特に、HPにもこの↓ように載ってはいるが
1947年、営業を再開し同時に南側の旧店舗に「ミレー書房」を開き、一般には入手困難だった洋書や思想・哲学書を販売しました。1950年には書店部門の担当者が独立して「三月書房」を創業し、南側店舗も喫茶室へと改装されました。
寺町の「三月書房」とのかかわりは私にとってははじめて知ることだった。三月に開店したから「三月書房」という話も出て来たが、こちらのインタビューにも載っている。(三月書房も2020年末に廃業。今、週休7日と貼りだしてある。)
「ミレー書房」という名の書店、昭和40年代に「フランソア」の場所でなく、河原町通からすぐのところにあったのを自分は記憶しているのだが、三月書房のブログにも無関係のものとして紹介されている。(こちら)。
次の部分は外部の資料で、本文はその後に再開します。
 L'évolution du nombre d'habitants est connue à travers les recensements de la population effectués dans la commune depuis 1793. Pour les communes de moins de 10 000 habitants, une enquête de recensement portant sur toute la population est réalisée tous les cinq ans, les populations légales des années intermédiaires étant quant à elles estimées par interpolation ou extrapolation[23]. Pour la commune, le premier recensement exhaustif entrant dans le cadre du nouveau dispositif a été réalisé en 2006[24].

おはなしの中で出て来たのが森まゆみさんの「暗い時代の人々」。
戦時中斎藤雷太郎という役者さんが反ファシズム統一戦線の小さな新聞「土曜日」を出していたのだが、それを支えていたのがフランソアということで、鶴見俊輔氏に、森まゆみさんの出してこられた地域誌「谷根千」とも重なるところがあるからフランソアについて書いてみたらと出版社を通して声をかけられたのだそう。
フランソアと「土曜日」のことは京都新聞の連載で少し読んでいて、↓の本が出た時も購入したのだけど積読になっていた。
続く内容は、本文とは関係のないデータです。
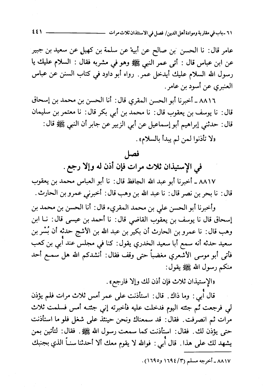 الإستيذان ثلاث فإن أذن لك و إلا فارجع

「暗い時代の人々」の中ではフランソアの創業者立野正一と斎藤雷太郎のことが1章割いて書かれていて今回その章はちゃんと読むことができた。娘さんの今井さんのおはなしの中で淀川長治も「週刊土曜日」に映画の記事を載せたことがあると出て来た。
美術的なことでは、↓の写真にも写っている紋章は「フランスか何かの貴族の紋章を模した」、ステンドグラスは北側はs16~ 写真に載せている南側はs25年から高木四郎という須田国太郎のお弟子さんのデザインでできた、現在は左のメニューだけどその前は昭和9年に藤田嗣治が作っていて今は店には一枚だけ、三高会館にも展示してあること・・*1等々、まとめきれないほどの人脈が登場した。
フランソアには、モナリザの複製画があり、あまりにメジャーすぎ、複製複製したものをなぜ飾ってあるのかと思っていたが、関西に二枚だけあるメディチ家が複製したものということだった。
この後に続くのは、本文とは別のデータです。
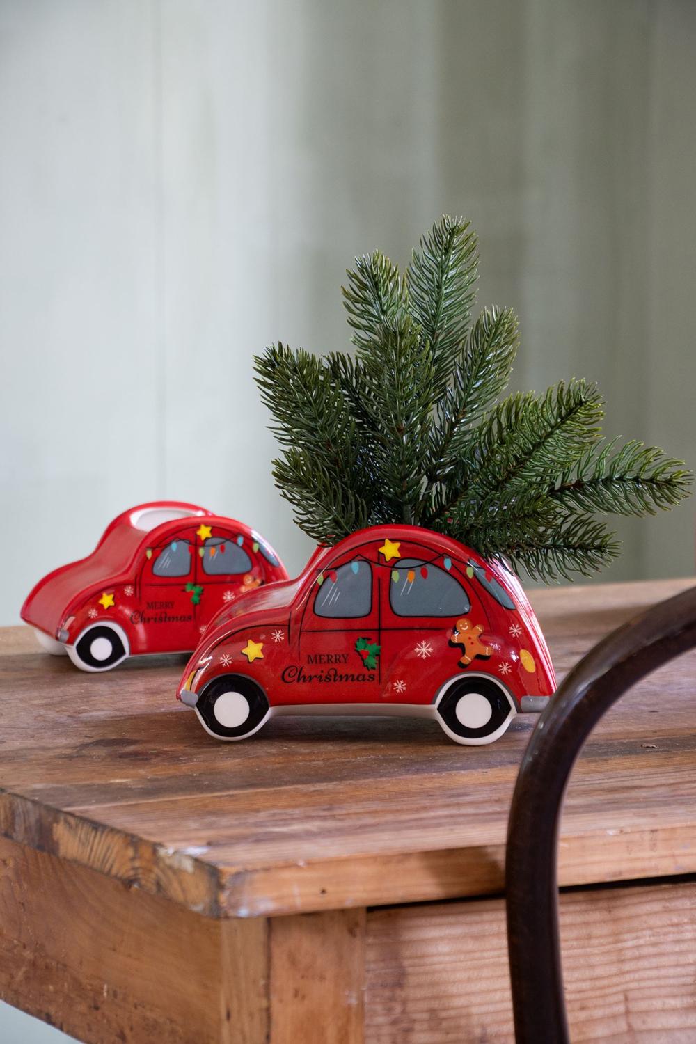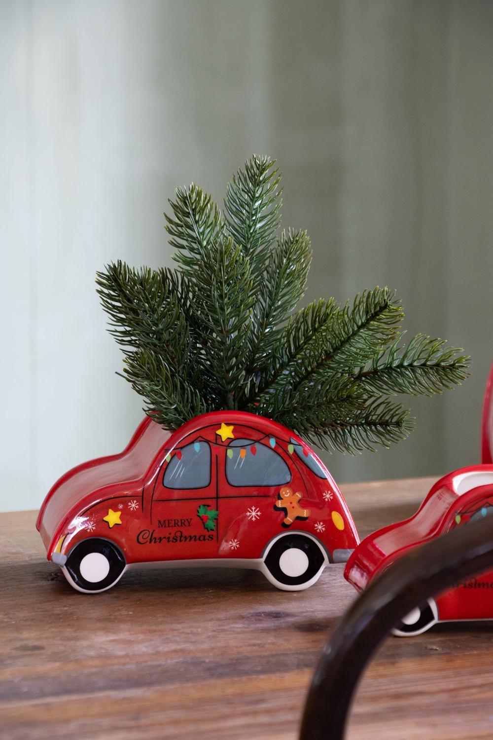 Pot à plantes en céramique en forme de voiture ARMAS, Noël, rouge, 19x12x11cm

殿山泰司の彼女がフランソアの女給さんだったので、新藤兼人の映画「三文役者」にもフランソアは出てくるのだけど、HPによると、瀬戸内晴美の「家族物語」という本にもフランソアが出てくるらしい。
ドナルド・キーン氏との関わり、文楽人形スケッチ画展・・ちょっと自分に関心のある項目だけでも枚挙にいとまがないのだけど、まとまらないのでこの辺で。
最後にひとつだけメモ。森さんの本によると、「土曜日」の斎藤雷太郎について、伊藤俊也監督が『幻の「スタジオ通信」へ』という本をまとめているらしい。
著者その人の思想や屈折、映画界に関する膨大な知見が入り、やや読みにくい
と評されているのだけど、「誘拐報道」「花いちもんめ。」*2と観てきて、そのあと東条英機の「プライド」を撮った監督かと気になっているもので、そのやや読みにくいといわれている本も気になっている。